In the past few years, Arava has been identified in numerous deaths and severe liver reactions. According to the United States Food and Drug Administration (FDA), Arava has been linked to approximately 130 cases of severe liver toxicity, 56 hospitilizations, and at least 12 deaths.

Various reports suggest that Avara is more fatal than the equally or more effective drug, methotrexate. According to one report, Arava was linked to six times more cases of fatal liver toxicity and 13 times more reports of hypertension than methotrexate, despite the fact that there were 6.8 million more prescriptions filled for methotrexate than Arava during that time.

Reports have also linked the drug to the life threatening autoimmune disease, Stevens-Johnson syndrome, whereas methotrexate has not. Yet another concern is that the drug could cause serious problems even after the patient discontinues use because drug byproducts can remain in body for months.

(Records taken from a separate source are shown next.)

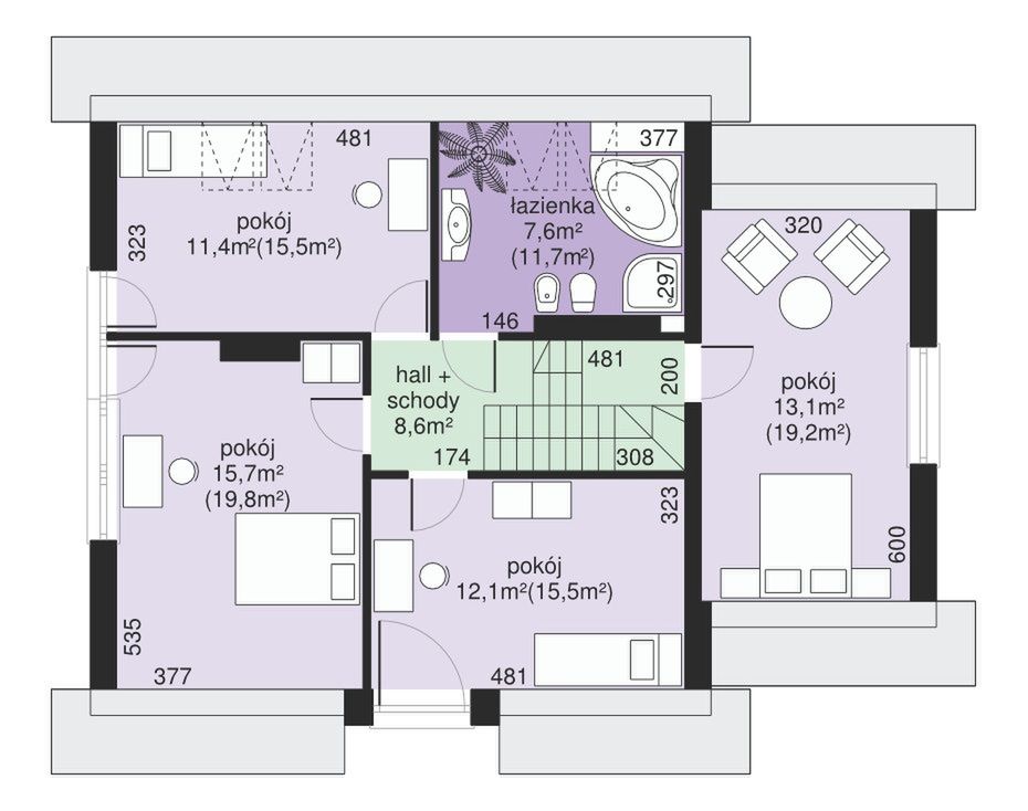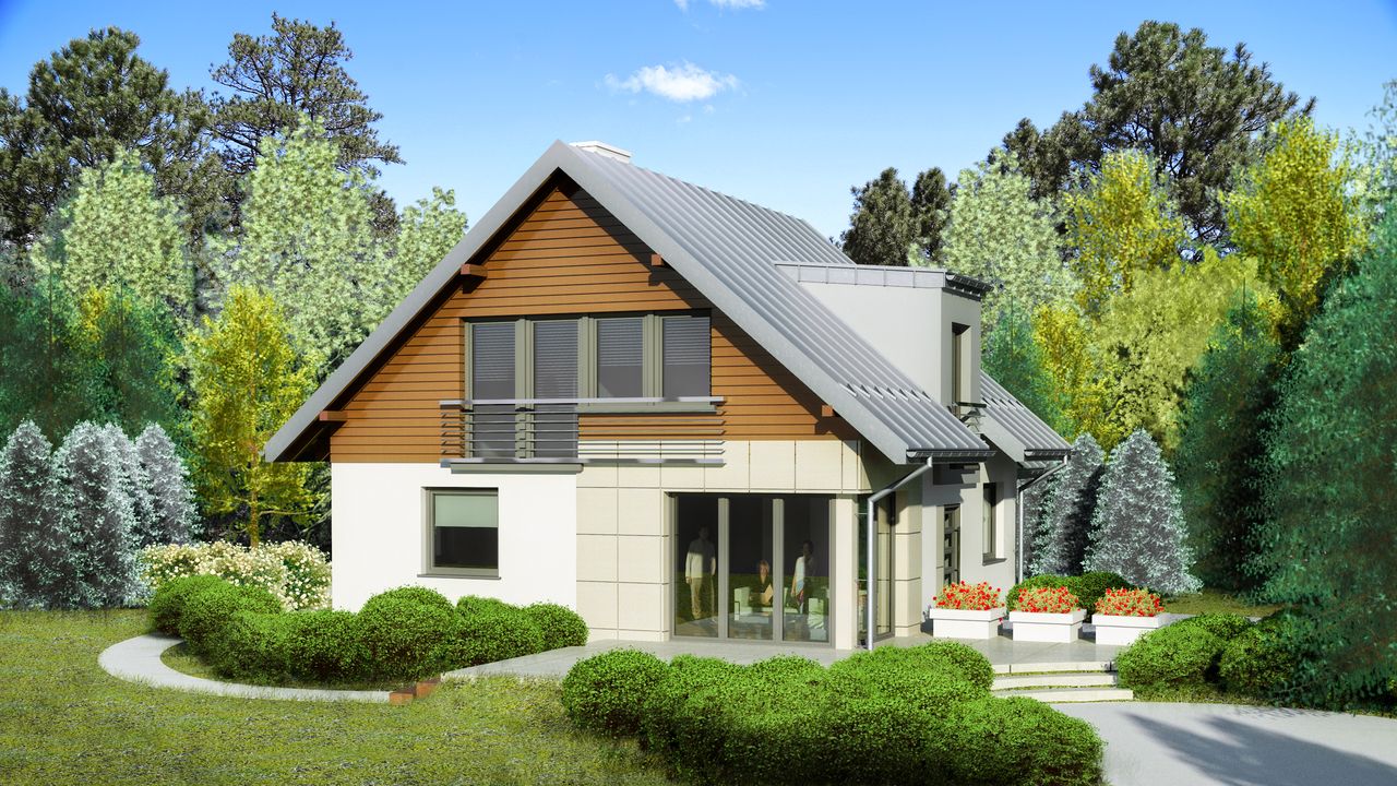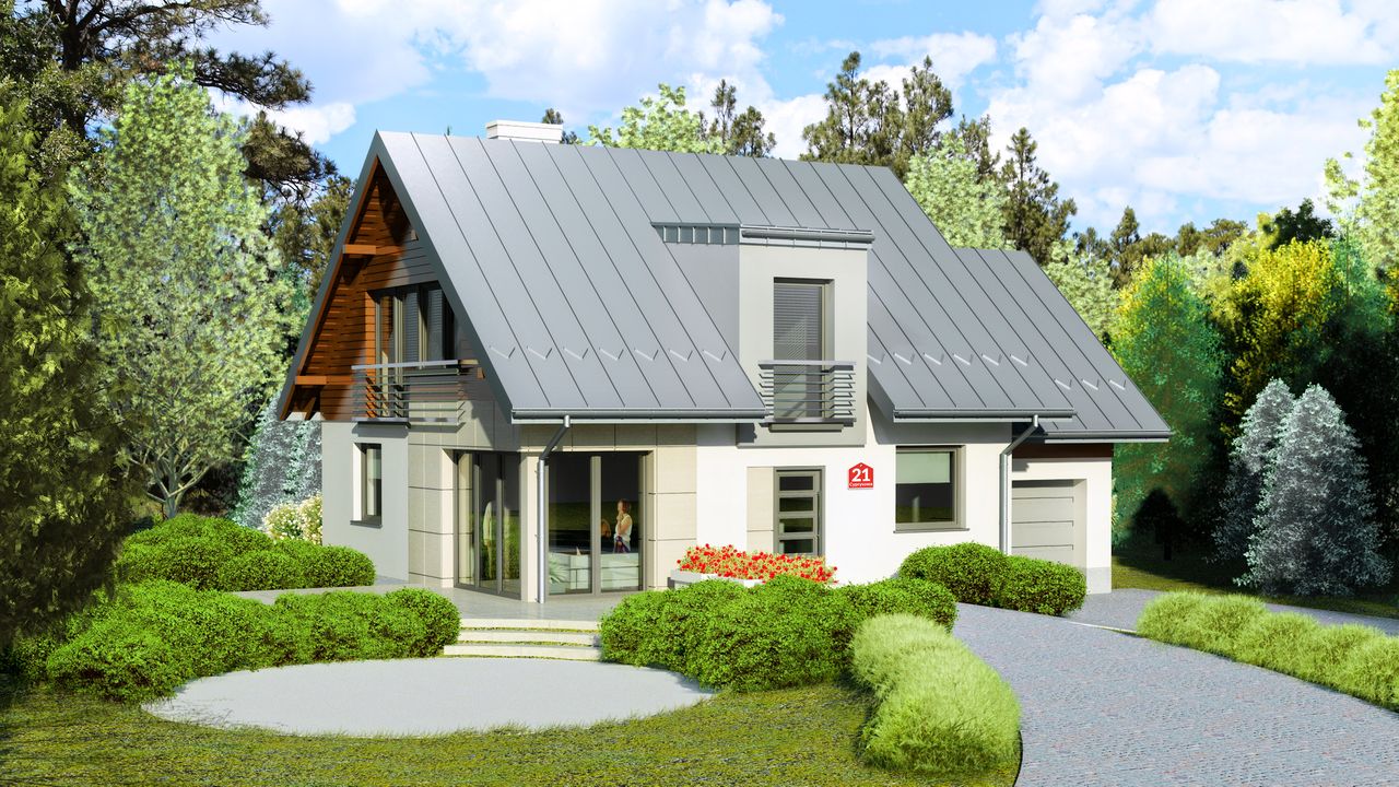 Graficzne opracowanie rzutów poglądowych widocznych na karcie projektu zostało wykonane przez Extradom.pl. Prezentowane przez Extradom.pl wizualizacje wykonane zostały przez autora projektu i należy poczytywać je jedynie za przykład i propozycję wykończenia, wizję architektoniczną autora projektu. Ostateczne wykończenie budynku może nastąpić na wiele sposobów. Szczegółowe rozwiązania zastosowane w oferowanej dokumentacji - w tym również ilość, lokalizacje i wygląd okien, drzwi, kominów - mogą w niewielkim stopniu różnić się od prezentowanej wizualizacji budynku.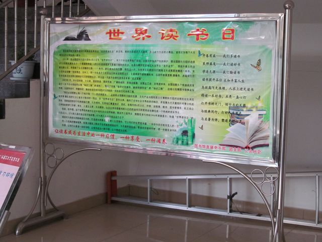 4月23日,在第十八个世界读书日来临之际,我院图书馆以“传承文明”为主题,通过制作宣传栏、PPT标语等向广大读者发出读书活动倡导,通告并推荐图书馆新书目录等,鼓励广大读者踊跃加入世界读书日活动,掀起了读...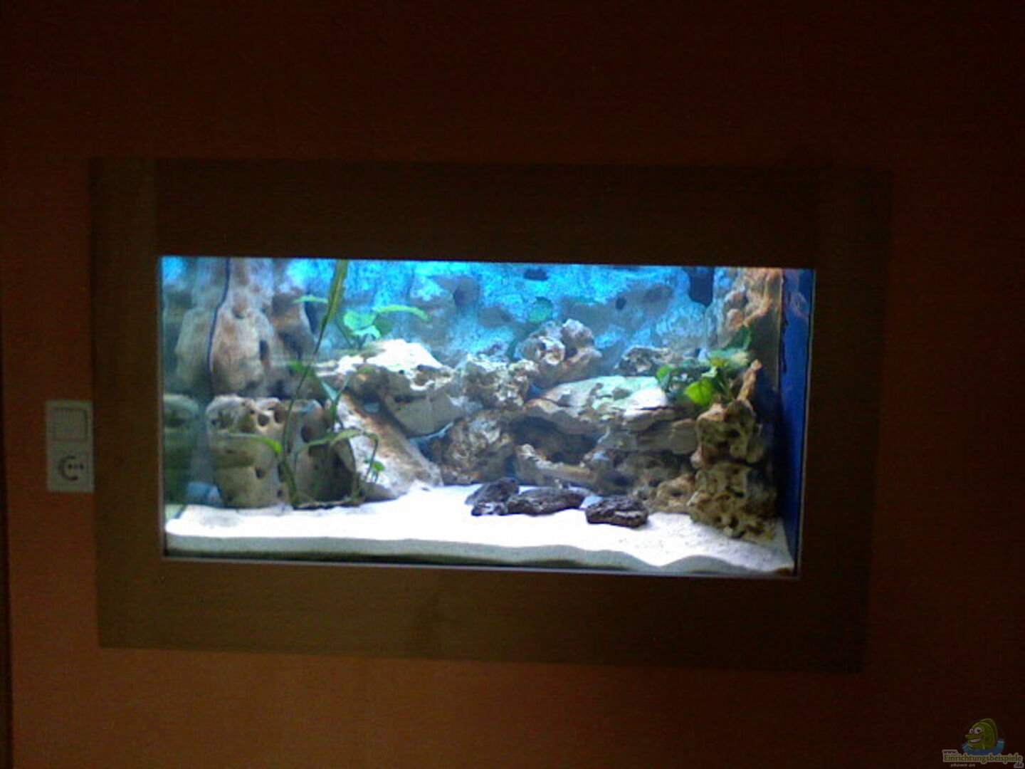 Dieses Becken besitze ich seit 2004, es wurde für mich gebaut, passend für denn Wandschrank im Flur. Von wo aus ich einen Durchbruch ins Wohnzimmer gemacht habe. Das Aquarium besteht aus 12mm Glas, der Boden aus 15mm Glas. Besonders glücklich bin ich über die Grundfläche von 100cmx80cm, was mir erlaubt trotz vieler Versteckmöglichkeiten auch viel Schwimmraum zu bieten.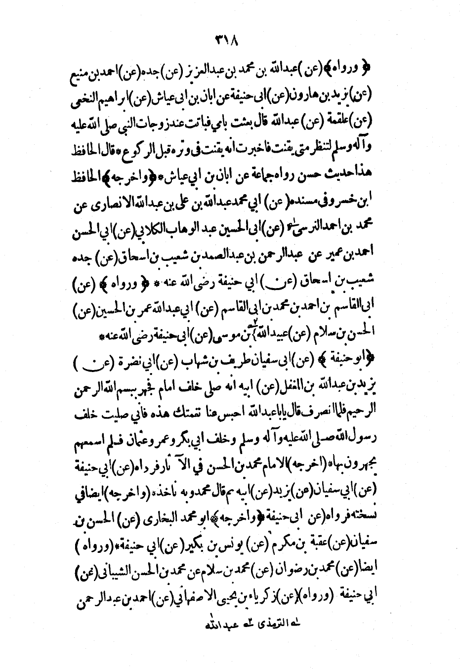 (أبو حنيفة) (عن) أبي سفيان طريف بن شهاب (عن) أبي نضرة (عن) يزيد بن عبد الله بن المغفل (عن) أبيه أنه صلى خلف إمام فجهر ببسم الله الرحمن الرحيم فلما انصرف قال يا عبد الله أحبس عنا نغمتك هذه فإني صليت خلف رسول الله صلى الله عليه وآله وسلم وخلف أبي بكر وعمر وعثمان فلم أسمعهم يجهرون بها* (أخرجه) الإمام محمد بن الحسن في الآثار فرواه (عن) أبي حنيفة (عن) أبي سفيان (عن) يزيد (عن) أبيه ثم قال محمد وبه نأخذ* (وأخرجه) أيضاً في نسخته فرواه (عن) أبي حنيفة (وأخرجه) أبو محمد البخاري (عن) الحسن بن سفيان عن عقبة بن مكرم (عن) يونس بن بكير (عن) أبي حنيفة* (ورواه) أيضاً (عن) محمد بن رضوان (عن) محمد بن سلام عن محمد بن الحسن الشيباني (عن) أبي حنيفة (ورواه) (عن) زكرياء بن يحيى الأصفهاني (عن) أحمد بن عبد الرحمن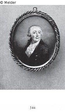 Höhenangabe mit Rahmen. Auf Elfenbein, oval. Hüftbild; der Kopf leicht nach links gewendet. Bartloses Gesicht mit kräftiger Nase und dunklen Augen; das Haar gepudert und leicht gelockt. Brauner Rock mit Goldknöpfen, gelbliche Weste und weißes Jabot. Der Hintergrund blaugrau gewölkt. Die Fassung Bronze vergoldet; an den schmalen Rahmen ein doppelt gedrehtes Tanzband gelegt. Beschreibung Lange: Hüftbild, oval, auf Elfenbein. Der Kopf ist leicht nach links gewendet. Bartloses Gesicht mit dunklen Augen. Das Haar gepudert und leicht gelockt. Brauner Rock mit Goldknöpfen. Der Hintergrund blau-grau gewölkt. Fassung Bronze, vergoldet.

Dr. David Yocum of the Arizona Arthritis Center, who was recently chair of the FDA's Arthritis Drugs Advisory Committee, agreed Arava should be removed from the market. Yocum reported to the FDA a death of one of his patients from acute liver failure after using Arava. The European Agency for Evaluation of Medicinal Products has issued an urgent warning about the drugs' toxicity.

Arava side-effects include liver problems (elevated liver enzymes, yellowing of skin, blood in urine, etc.), hypertension (shortness of breath), blood disorders, high blood pressure, severe diarrhea and Stevens-Johnson syndrome.